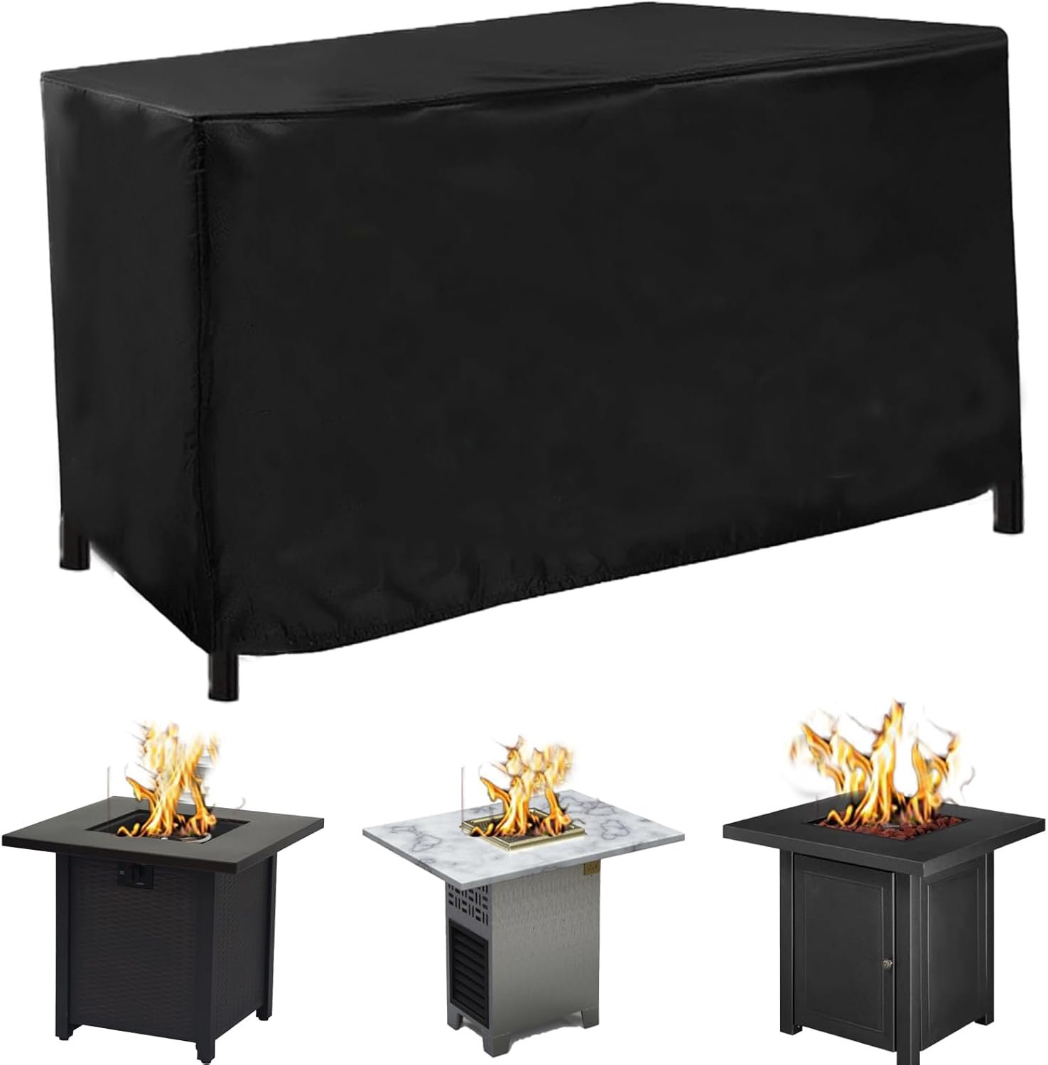 About this item 【Fire Pit table cover】:This cover is made of oxford fabric with PU coating, which is more weather-resistant, tear-resistant and wear-resistant, protect funiture from dust, dirt, sun, rain or other damage. 【 Fire Pit Table Covers】Size: 44″L x 26″W x24″H. The cover is designed to fit most outdoor rectangular firepits,Perfectly compatible with most popular brands firepits,grill tables, prep tables and more. Please check the size of your fire table carefully before ordering!!! 【Waterproof】: Adopt high-density and durable Waterproof 600D Heavy-Duty oxford material, Both the outer and inner layers are professionally waterproofed, you don’t need to worry about furniture getting wet and damaged even in harsh outdoor environments! 【Windproof Design】: 1 drawstring outlets and 4 corner click-close straps provides a customizable fit with exceptional security in the hurricane conditions. Note: If the wind is too strong, we suggest that you can put some stones or heavy objects on outdoor table cover to better prevent the cover being blow off.Note: Please cool down the fire pit for 30 mins before covering on!! 【WARM TIPS】: Water tends to gather lower, It is better to place some slightly higher objects under table cover to prop up the middle part, so that the water and debris can flow down and extend the life of the patio furniture cover. › See more product details
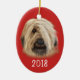 L'ornement Keepsaké présente une charmante illustration d'un chien de mouton sur un arrière - plan rouge festif. Personnaliser avec année ou autre texte spécial
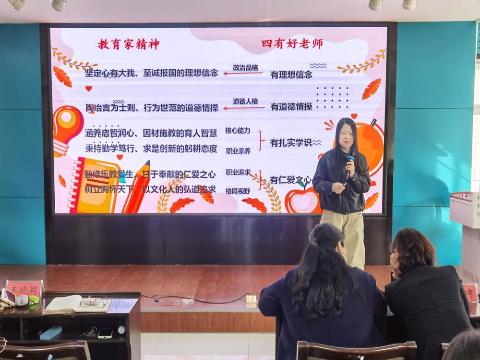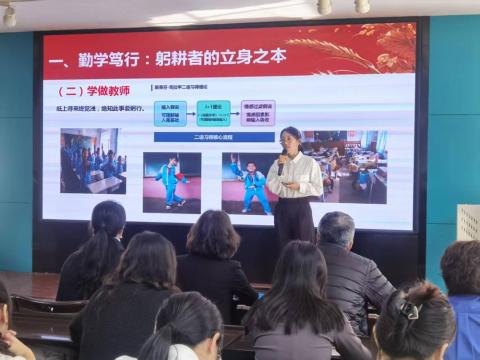 本次培训精心设计两大核心环节,首个环节为教育家精神宣讲。由昌邑区第十一小学校韩东雪老师作为学员代表主讲。她以自身教育历程为脉络,从初入教坛时“学做教师”的初心摸索,到深耕课堂后“用教材教”的实践突破。通过多个真实教学案例,将抽象的教育家精神具象化,让“勤学笃行”不再是口号,“求是创新”也绝非空谈。其生动的讲述引发在场教师强烈共鸣,让大家深刻感受到教育者扎根讲台、向下生长的坚守与力量。
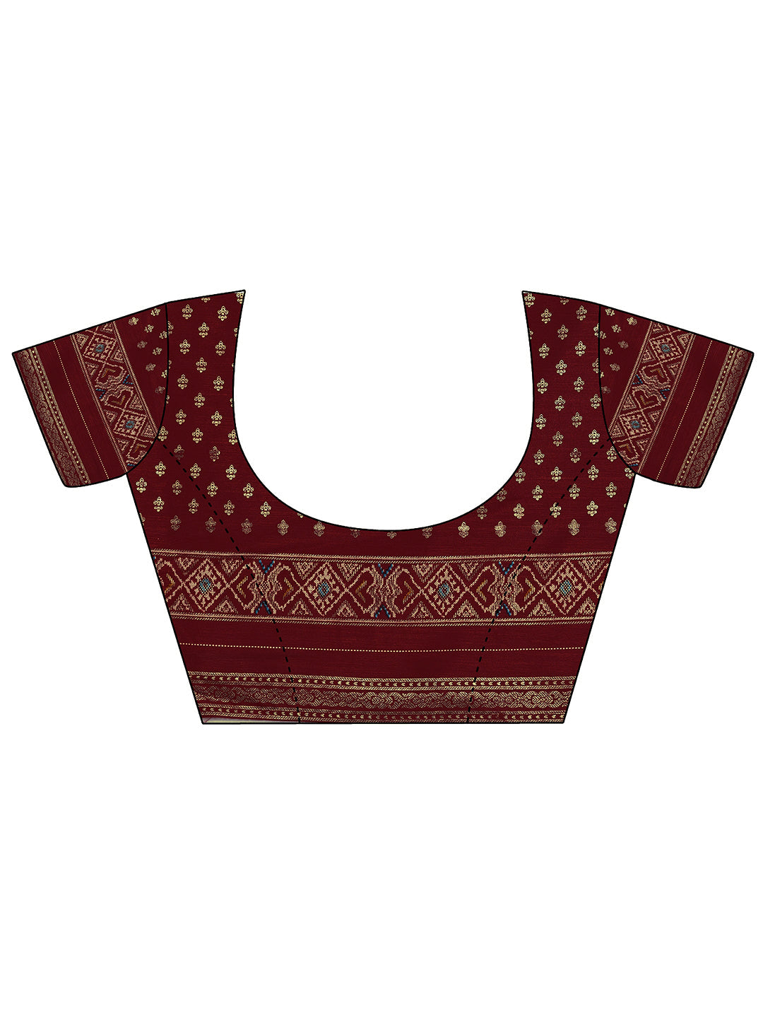 Olive Printed Silk Blend Saree With Unstitched Blouse Piece
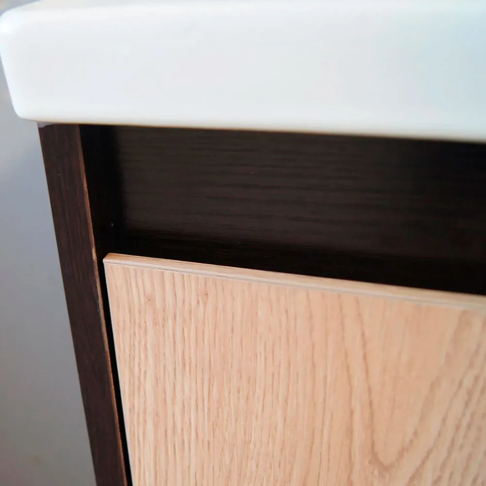 El Combo Mueble m谩s Espejo Cairo de Sensi Dacqua requiere armado y est谩 hecho de melamina. El mueble tiene un ancho de 60 cm, un alto de 85 cm y una profundidad de 47 cm. El lavamanos es de cer谩mica y tiene un agujero para la grifer铆a. El espejo tiene un tama帽o de 60×50 cm. El combo incluye el mueble, el lavamanos y el espejo, todo en una sola caja. El color del combo es roble/wengue/blanco.
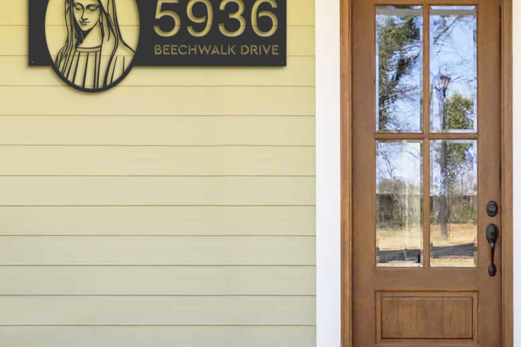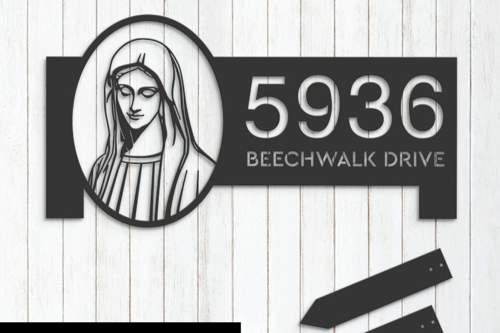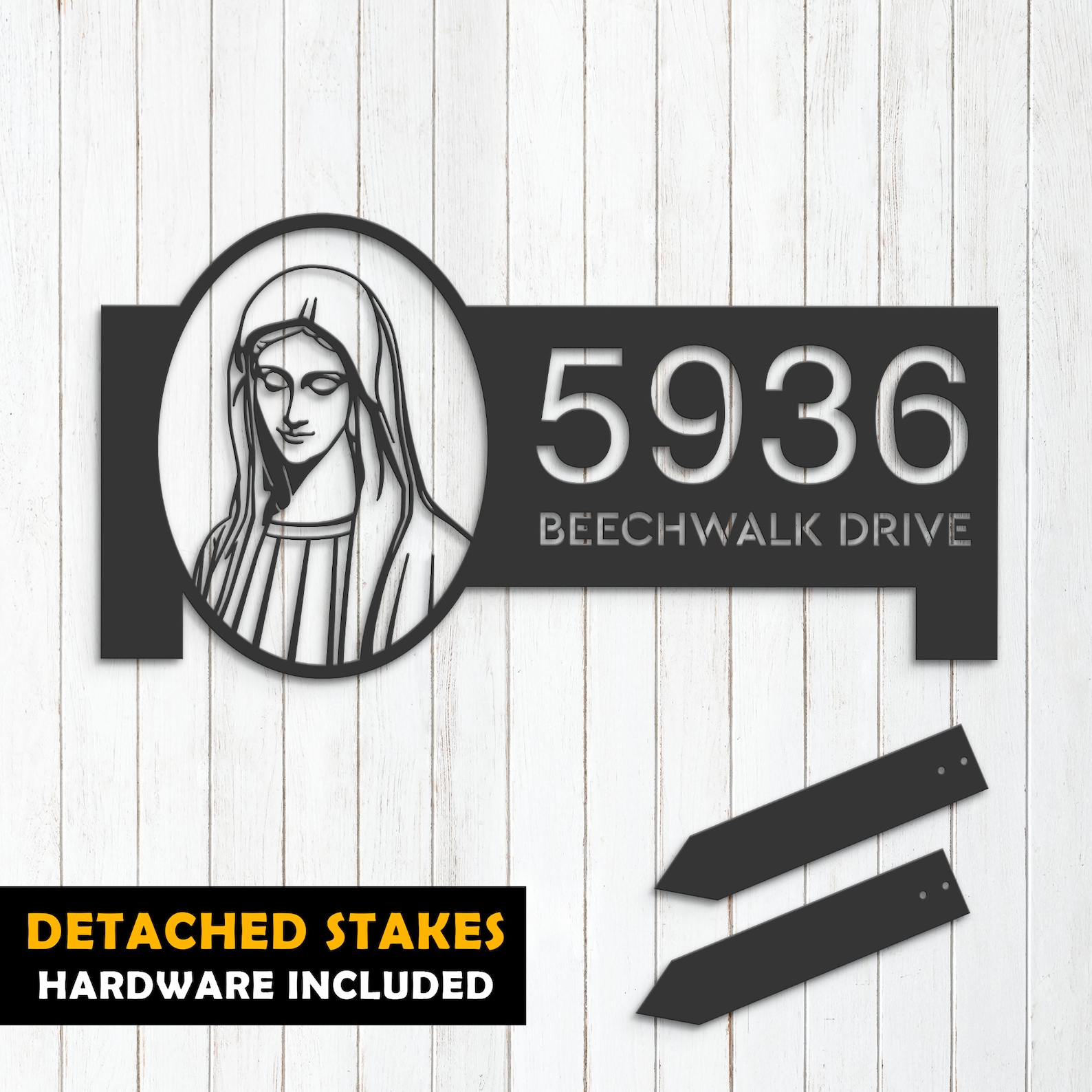 Be the first to review “Personalized Virgin Mary Christian Metal Address Sign”
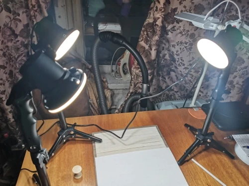 Заказала 22.11, получила 28.11. из Подольска. Никогда раньше не получала так быстро. Лампы работают, отгибаются. Штативы раскладываются. на одной лампе было загрязнение, которое легко стёрлось тряпкой. Запаха нет. У каждой лампы свой шнур питания, переключатель. На штативы ещё не устанавливала. Все детали без повреждений и царапин. Продавца и товар рекомендую!
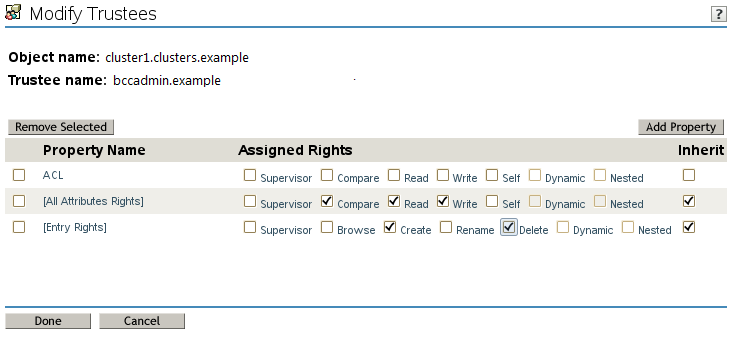 The [All Attributes Rights] and [Entry Rights] properties should automatically be listed. Add them if they are not present.
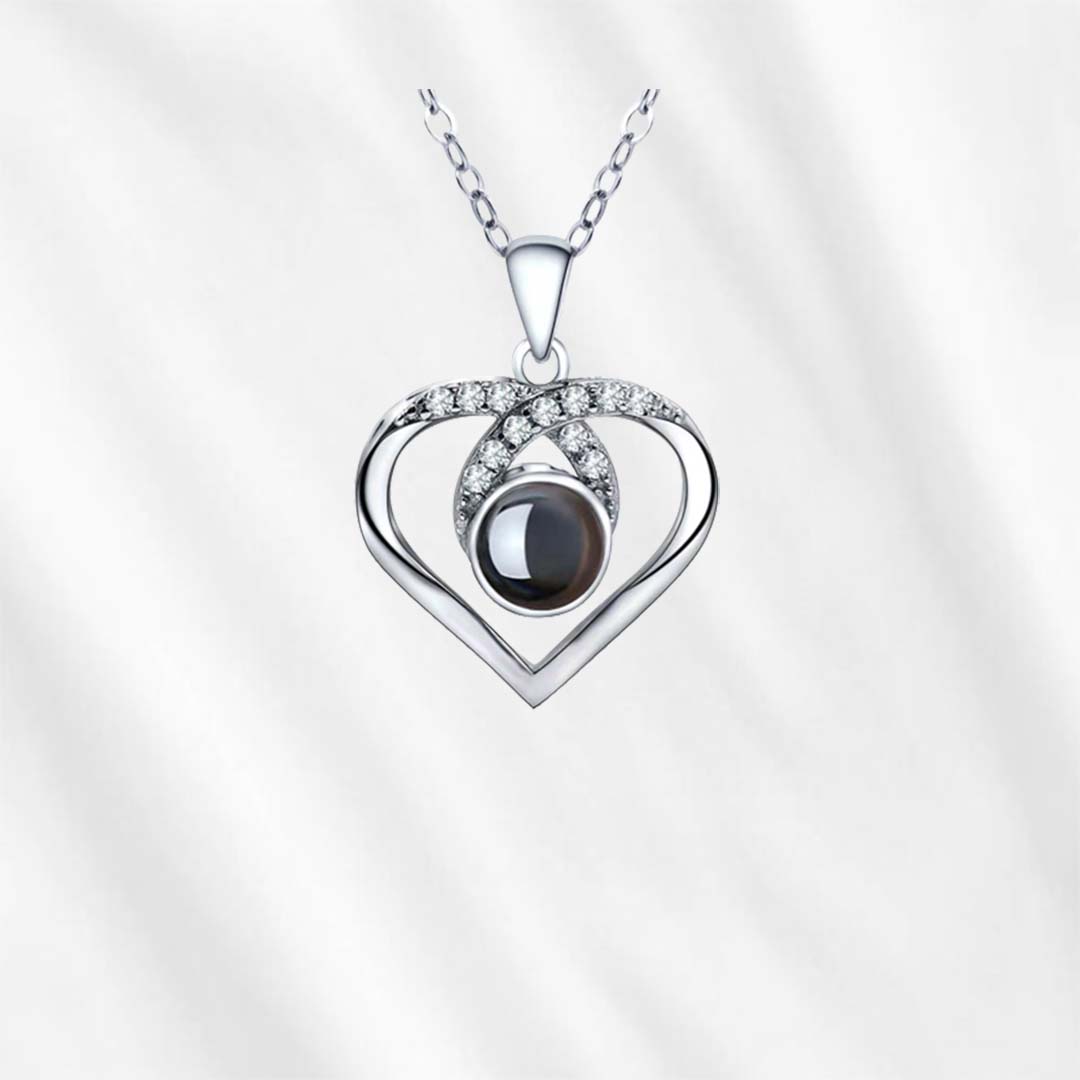 Looking for a projection necklace in gold? You can stop here! This heart pendant projection necklace comes in three colors: silver, gold and rose gold, made of sterling silver and plated in 18K gold. The gold color is a popular choice if you're shopping for him.
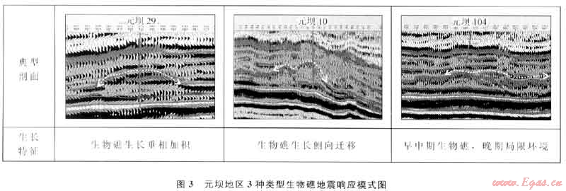 通過對元壩地區(qū)鉆錄井和三維地震資料的綜合分析,依據(jù)生物礁特征劃分提出了3種類型的生物礁:垂向加積生物礁、側(cè)向遷移生物礁及早期生物礁(圖3),3種生物礁的生長與儲層發(fā)育均具有顯著特點。在該認識的指導(dǎo)下,提高了生物礁描述及井位優(yōu)選精度,保證了勘探部署井的高成功率。
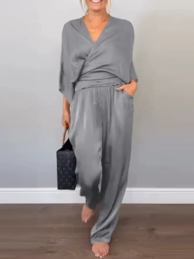Chic V-neck Tops Women Two Piece Set
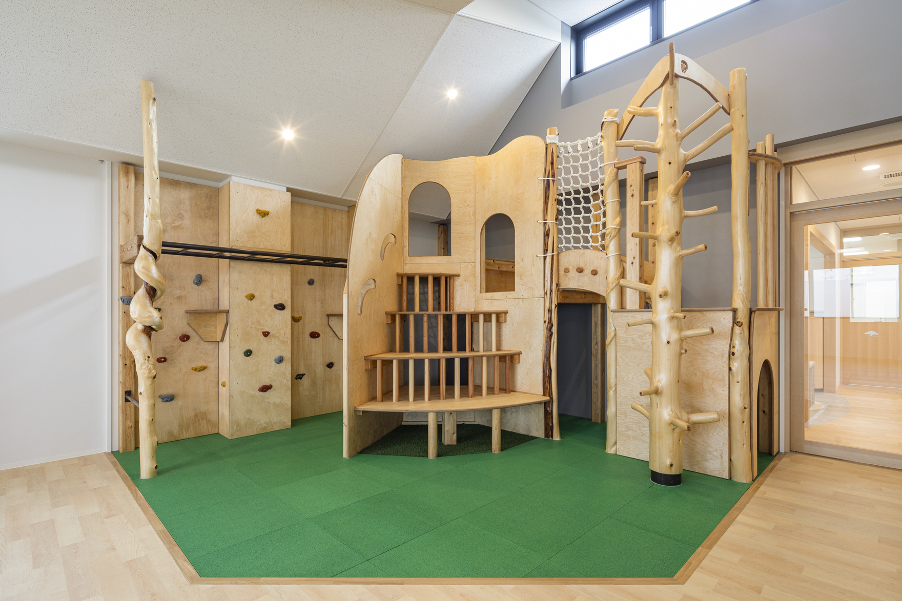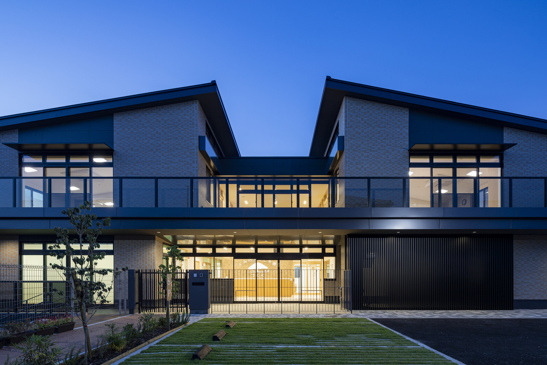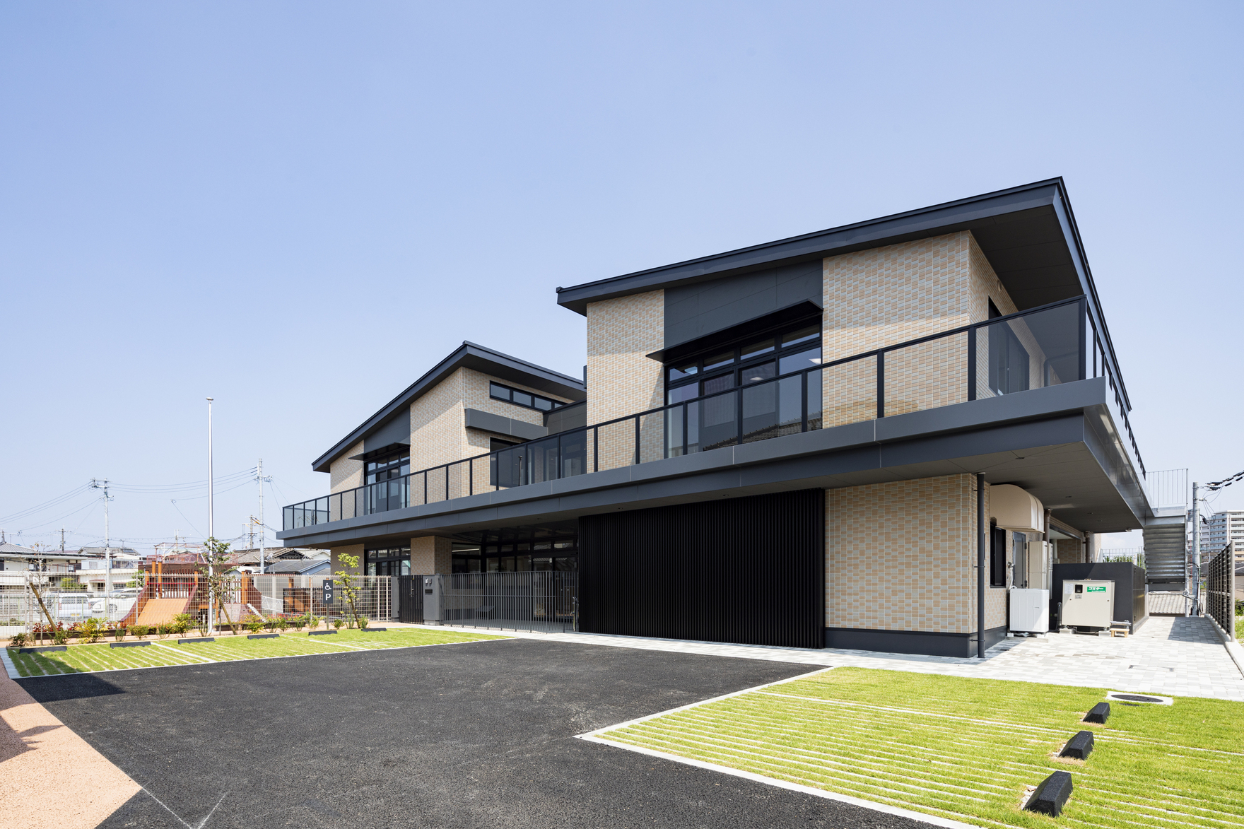 堺市内に立地する幼保連携型認定こども園です。2021年8月より開園。敷地の高低差が大きいことを有効活用できるよう、地階を設け駐車場とし、地上階に各保育室等配置しました。建物周辺は低層住宅が多い事から、本建物ボリュームが近隣へ圧迫感を与えないよう、2階部分のボリュームを分割し勾配屋根を分けて配置する事で、圧迫感の軽減を行いました。内部は建物中央に階段・エレベーター・ホールを配置し、ホールの周りに各保育室を配置する事で、廊下を少なくし合理的な平面計画としました。また、勾配天井となる内部空間には、ハイサイドライトを設け、明るく開放的な室内環境を実現しました。

=-=-=

» **ACTIVITY**: Pictures must not appear in the copy, which must otherwise match the listing exactly.

» **SOLVED EXERCISE**:
 About this item 【Fire Pit table cover】:This cover is made of oxford fabric with PU coating, which is more weather-resistant, tear-resistant and wear-resistant, protect funiture from dust, dirt, sun, rain or other damage. 【 Fire Pit Table Covers】Size: 44″L x 26″W x24″H. The cover is designed to fit most outdoor rectangular firepits,Perfectly compatible with most popular brands firepits,grill tables, prep tables and more. Please check the size of your fire table carefully before ordering!!! 【Waterproof】: Adopt high-density and durable Waterproof 600D Heavy-Duty oxford material, Both the outer and inner layers are professionally waterproofed, you don’t need to worry about furniture getting wet and damaged even in harsh outdoor environments! 【Windproof Design】: 1 drawstring outlets and 4 corner click-close straps provides a customizable fit with exceptional security in the hurricane conditions. Note: If the wind is too strong, we suggest that you can put some stones or heavy objects on outdoor table cover to better prevent the cover being blow off.Note: Please cool down the fire pit for 30 mins before covering on!! 【WARM TIPS】: Water tends to gather lower, It is better to place some slightly higher objects under table cover to prop up the middle part, so that the water and debris can flow down and extend the life of the patio furniture cover. › See more product details
 L'ornement Keepsaké présente une charmante illustration d'un chien de mouton sur un arrière - plan rouge festif. Personnaliser avec année ou autre texte spécial
 本次培训精心设计两大核心环节,首个环节为教育家精神宣讲。由昌邑区第十一小学校韩东雪老师作为学员代表主讲。她以自身教育历程为脉络,从初入教坛时“学做教师”的初心摸索,到深耕课堂后“用教材教”的实践突破。通过多个真实教学案例,将抽象的教育家精神具象化,让“勤学笃行”不再是口号,“求是创新”也绝非空谈。其生动的讲述引发在场教师强烈共鸣,让大家深刻感受到教育者扎根讲台、向下生长的坚守与力量。
 Olive Printed Silk Blend Saree With Unstitched Blouse Piece
 El Combo Mueble m谩s Espejo Cairo de Sensi Dacqua requiere armado y est谩 hecho de melamina. El mueble tiene un ancho de 60 cm, un alto de 85 cm y una profundidad de 47 cm. El lavamanos es de cer谩mica y tiene un agujero para la grifer铆a. El espejo tiene un tama帽o de 60×50 cm. El combo incluye el mueble, el lavamanos y el espejo, todo en una sola caja. El color del combo es roble/wengue/blanco.
 Be the first to review “Personalized Virgin Mary Christian Metal Address Sign”
 Заказала 22.11, получила 28.11. из Подольска. Никогда раньше не получала так быстро. Лампы работают, отгибаются. Штативы раскладываются. на одной лампе было загрязнение, которое легко стёрлось тряпкой. Запаха нет. У каждой лампы свой шнур питания, переключатель. На штативы ещё не устанавливала. Все детали без повреждений и царапин. Продавца и товар рекомендую!
 The [All Attributes Rights] and [Entry Rights] properties should automatically be listed. Add them if they are not present.
 Looking for a projection necklace in gold? You can stop here! This heart pendant projection necklace comes in three colors: silver, gold and rose gold, made of sterling silver and plated in 18K gold. The gold color is a popular choice if you're shopping for him.
 通過對元壩地區(qū)鉆錄井和三維地震資料的綜合分析,依據(jù)生物礁特征劃分提出了3種類型的生物礁:垂向加積生物礁、側(cè)向遷移生物礁及早期生物礁(圖3),3種生物礁的生長與儲層發(fā)育均具有顯著特點。在該認識的指導(dǎo)下,提高了生物礁描述及井位優(yōu)選精度,保證了勘探部署井的高成功率。
Chic V-neck Tops Women Two Piece Set
 堺市内に立地する幼保連携型認定こども園です。2021年8月より開園。敷地の高低差が大きいことを有効活用できるよう、地階を設け駐車場とし、地上階に各保育室等配置しました。建物周辺は低層住宅が多い事から、本建物ボリュームが近隣へ圧迫感を与えないよう、2階部分のボリュームを分割し勾配屋根を分けて配置する事で、圧迫感の軽減を行いました。内部は建物中央に階段・エレベーター・ホールを配置し、ホールの周りに各保育室を配置する事で、廊下を少なくし合理的な平面計画としました。また、勾配天井となる内部空間には、ハイサイドライトを設け、明るく開放的な室内環境を実現しました。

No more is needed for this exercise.